## PROVIDED DATA
■ ■ ■

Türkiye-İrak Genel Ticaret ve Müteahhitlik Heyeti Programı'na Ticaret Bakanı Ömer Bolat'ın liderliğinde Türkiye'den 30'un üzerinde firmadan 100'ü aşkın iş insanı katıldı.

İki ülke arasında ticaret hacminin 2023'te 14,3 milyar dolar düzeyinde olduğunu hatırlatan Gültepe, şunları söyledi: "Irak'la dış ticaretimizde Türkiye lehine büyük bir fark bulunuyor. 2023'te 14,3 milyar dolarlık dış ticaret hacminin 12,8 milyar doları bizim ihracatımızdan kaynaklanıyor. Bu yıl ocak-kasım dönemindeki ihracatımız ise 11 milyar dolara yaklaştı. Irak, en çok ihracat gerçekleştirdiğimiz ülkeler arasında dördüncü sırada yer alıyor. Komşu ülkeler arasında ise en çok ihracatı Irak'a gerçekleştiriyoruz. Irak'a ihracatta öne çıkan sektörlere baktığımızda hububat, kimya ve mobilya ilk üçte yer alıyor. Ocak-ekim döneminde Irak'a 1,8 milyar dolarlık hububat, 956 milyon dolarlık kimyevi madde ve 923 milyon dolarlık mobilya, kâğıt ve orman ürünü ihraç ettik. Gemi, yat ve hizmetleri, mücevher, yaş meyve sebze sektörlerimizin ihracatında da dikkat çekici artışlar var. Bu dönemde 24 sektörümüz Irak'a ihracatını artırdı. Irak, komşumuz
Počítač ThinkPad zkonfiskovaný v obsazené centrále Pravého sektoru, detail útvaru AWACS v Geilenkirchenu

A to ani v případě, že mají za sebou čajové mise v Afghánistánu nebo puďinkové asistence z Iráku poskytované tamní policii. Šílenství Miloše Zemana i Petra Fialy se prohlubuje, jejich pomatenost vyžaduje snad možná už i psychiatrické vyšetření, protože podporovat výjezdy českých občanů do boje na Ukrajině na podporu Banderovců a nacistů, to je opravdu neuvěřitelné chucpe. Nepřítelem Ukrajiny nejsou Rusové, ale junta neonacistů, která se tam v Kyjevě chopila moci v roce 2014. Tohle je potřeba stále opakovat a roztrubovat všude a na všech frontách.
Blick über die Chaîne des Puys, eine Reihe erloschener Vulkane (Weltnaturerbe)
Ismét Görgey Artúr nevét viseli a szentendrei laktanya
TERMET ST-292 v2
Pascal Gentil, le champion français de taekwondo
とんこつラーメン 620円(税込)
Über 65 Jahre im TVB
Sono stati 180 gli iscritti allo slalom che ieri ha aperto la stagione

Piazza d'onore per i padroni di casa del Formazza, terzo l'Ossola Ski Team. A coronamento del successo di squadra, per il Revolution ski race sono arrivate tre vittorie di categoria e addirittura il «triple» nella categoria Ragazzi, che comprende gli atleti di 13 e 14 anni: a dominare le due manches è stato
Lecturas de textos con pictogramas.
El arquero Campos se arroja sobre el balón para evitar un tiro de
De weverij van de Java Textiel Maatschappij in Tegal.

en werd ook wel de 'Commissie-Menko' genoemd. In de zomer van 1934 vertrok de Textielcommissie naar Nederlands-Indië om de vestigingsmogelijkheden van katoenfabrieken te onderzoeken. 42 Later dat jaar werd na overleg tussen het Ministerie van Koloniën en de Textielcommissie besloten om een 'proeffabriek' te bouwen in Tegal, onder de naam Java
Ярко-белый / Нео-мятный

■ ■ ■

## TASK BRIEF
Using only the listing above, restate exactly the lines from the line containing "Pascal Gentil, le" through the line containing "De weverij van", both included.

## PROBLEM SOLUTION
Pascal Gentil, le champion français de taekwondo
とんこつラーメン 620円(税込)
Über 65 Jahre im TVB
Sono stati 180 gli iscritti allo slalom che ieri ha aperto la stagione

Piazza d'onore per i padroni di casa del Formazza, terzo l'Ossola Ski Team. A coronamento del successo di squadra, per il Revolution ski race sono arrivate tre vittorie di categoria e addirittura il «triple» nella categoria Ragazzi, che comprende gli atleti di 13 e 14 anni: a dominare le due manches è stato
Lecturas de textos con pictogramas.
El arquero Campos se arroja sobre el balón para evitar un tiro de
De weverij van de Java Textiel Maatschappij in Tegal.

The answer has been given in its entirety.